Sydney seeks help to build new fire station
Money was budgeted for the project last year and plans had been drawn up.
Plans to build a new fire station in Sydney, N.S., are on hold as the Cape Breton Regional Municipality grapples with its crippling finances.
Design work on the $3.5 million project has been underway for the past year and construction on Victoria Road was expected to start this spring. The municipality is now looking for more money from the other two tiers of government.
Mayor Cecil Clarke said the fire station is a priority under the municipality’s proposed five-year capital plan.
"The reality just comes down to the cost sharing requirements that are in place. It's part of the capital plan so we just have to wait for the response from the federal and provincial governments," he said.

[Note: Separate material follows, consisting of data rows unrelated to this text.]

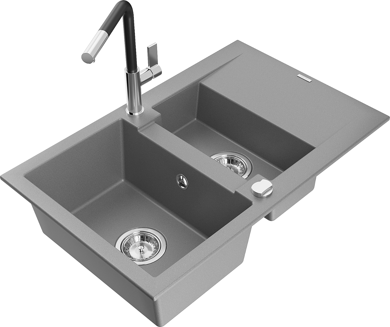 Mexen Gaspar granitový kuchynský drez 1,5-komorový s odkvapkávačom a kuchynskou batériou Flora, sivý - 6507-71-670401-07
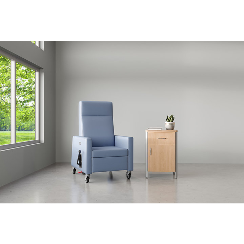 Carson Recliner provides a clean, modern aesthetic and is thoughtfully designed for healthcare environments, with a high level of comfort and ease-of-use for patients and caregivers.
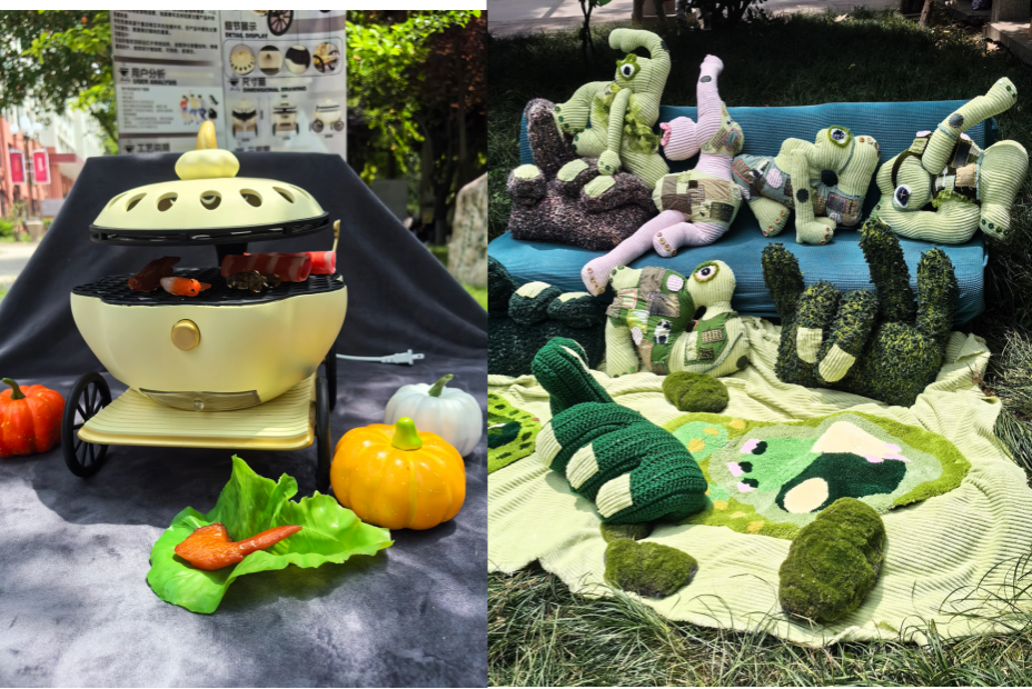 本次毕业设计的主题为“定义美好”,环境装饰艺术设计和产品造型设计两个方向的师生通力合作,试图将抽象理念融入日常生活。导师们引导学生从设计学、文学、生态学、社会学等多学科视角出发,通过“传统文化”、“自然意象”到“生活美学”的艺术思维路径,提出了众多意犹未尽的“美好定义”,实现了传统文化与生活美学的创新性转化。展览展出了产品设计专业两个方向共103位同学的400余件(幅)作品,这些作品在13位专业教师的指导下完成,覆盖了室内软装饰、公共空间装置、纤维艺术、拼布艺术、智能交互产品、户外装备以及特殊人群专用设施等多个领域。多样化的作品旨在拓宽人们对产品设计专业的认知,并激发大家对“美好”的深刻思考。每一件作品都是同学们大学生涯的学习结晶,展现了他们对创意设计和艺工融合的深入思考。这些优秀的设计作品引得师生驻足观赏,成为了初夏校园里一道亮丽的文化风景线。
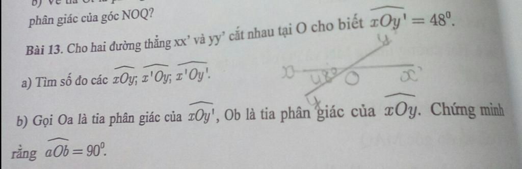 b) Gọi Oa là tia phân giác của zOy', Ob là tia phân giác của xOy. Chứng minh
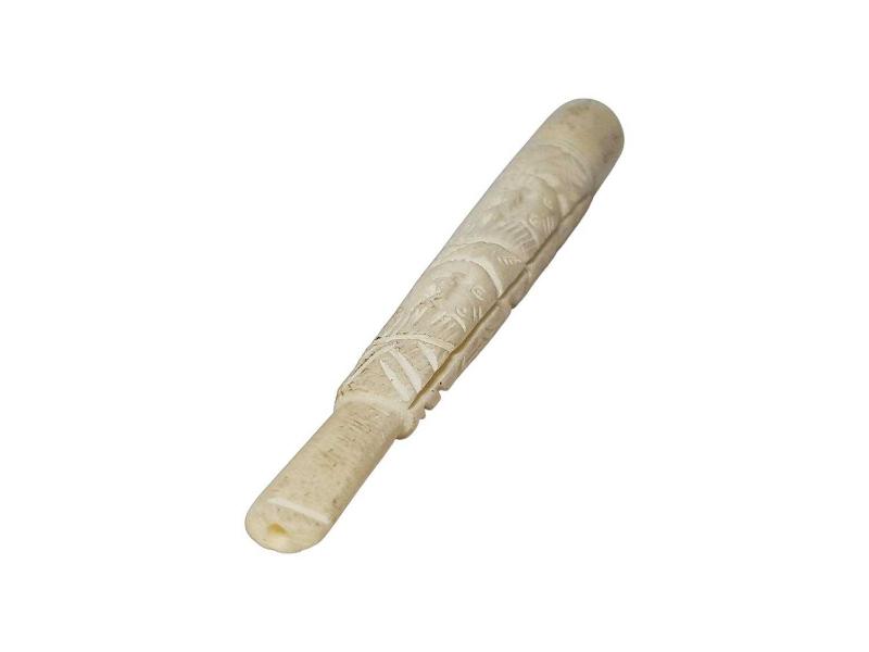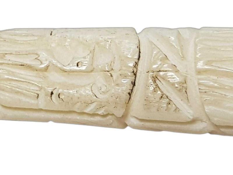 ÜZERİ KALEM VE KABARTMA İŞÇİLİKLİ KEMİK AĞIZLIK. UZUNLUK: 10,3 CM
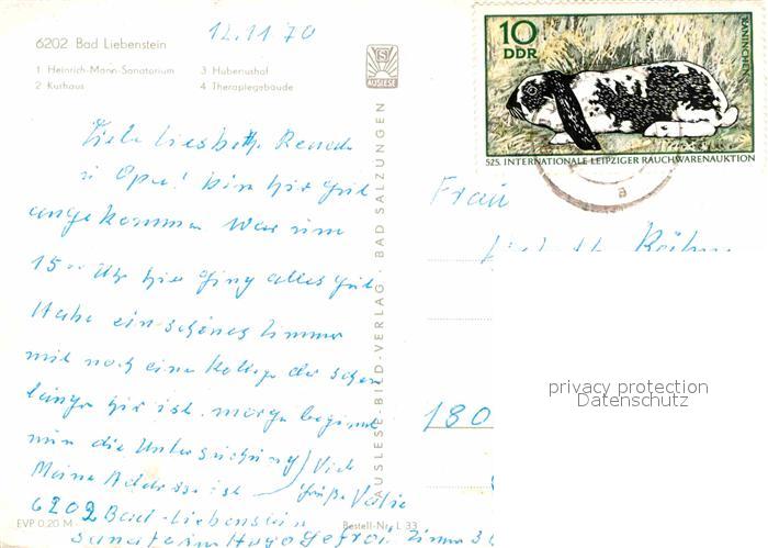 72847785 alte Postkarte Bad Liebenstein Heinrich Mann Sanatorium Kurhaus Hubertushof Therapiegebaeude postalisch gelaufen Erhaltung siehe scans [FriedD77] KatCode: 11110016063002
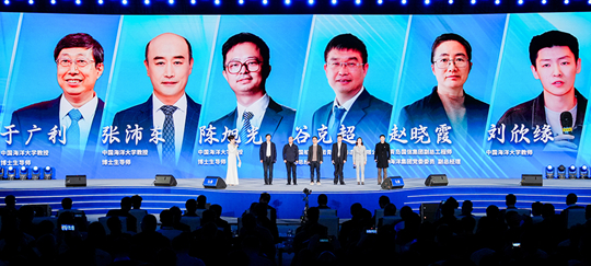 中國海洋大學(xué)教授于廣利、張沛東、陳旭光,青年教師劉欣緣與中國船舶集團青島北海造船有限公司副總經(jīng)理谷克超,青島國信集團副總工程師、海洋集團副總經(jīng)理趙曉霞共同演繹“海洋超能力”。
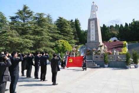 活动开始,全体党员面向烈士纪念碑庄严肃立,鞠躬默哀,党员代表向革命先烈敬献花篮,祭奠烈士英灵、寄托沉痛哀思,六合经济开发区党工委副书记、管委会主任赵久峰上前整理挽联,向为民族解放和人民革命事业献身的革命先烈致以深切哀思和崇高敬意。
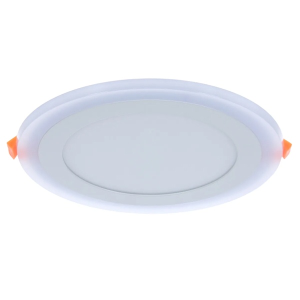 Встраиваемый белый круглый тонкий LED светильник Гаусс Бэклайт с подсветкой, мощностью 12Вт+4Вт, теплый белый свет. BL118
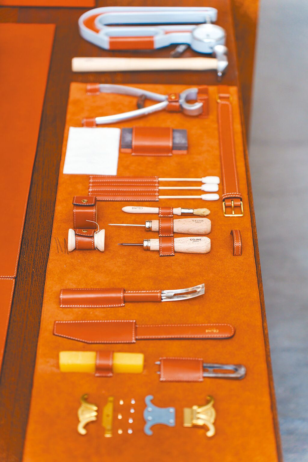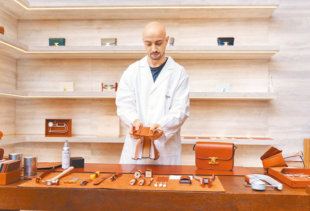 CELINE由義大利皮具工坊請來皮革匠人,為台灣消費者展示CELINE打造皮革包款的工藝流程。(吳松翰攝)
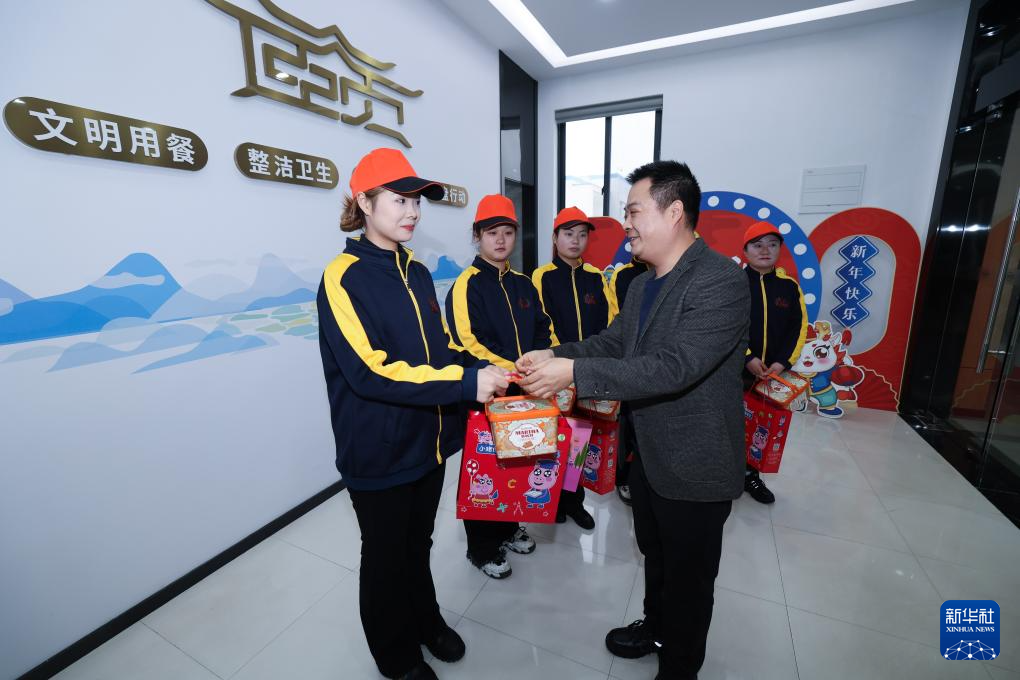 2月6日,在舟山中远海运重工的员工食堂,负责人给春节坚守岗位的员工送上春节礼包。

"That's why the budget was approved in principle, because we didn't have the full amount in place and we don't have a cost share agreement yet, but we've been working in earnest with the provincial government and the federal government said they are going to await a response from the province and we're expecting that any day."
Deputy Fire Chief Brent Denny said the new building will replace the Ashby station, which has already been torn down, and the aging station in Whitney Pier.
"The operations have outgrown that facility. It was a facility that was build 40 years ago as a temporary building and the crew that's in there now is cramped for space and with the equipment that the need," he said.
Clarke said construction could begin in the fall if the federal and provincial government approve the plan.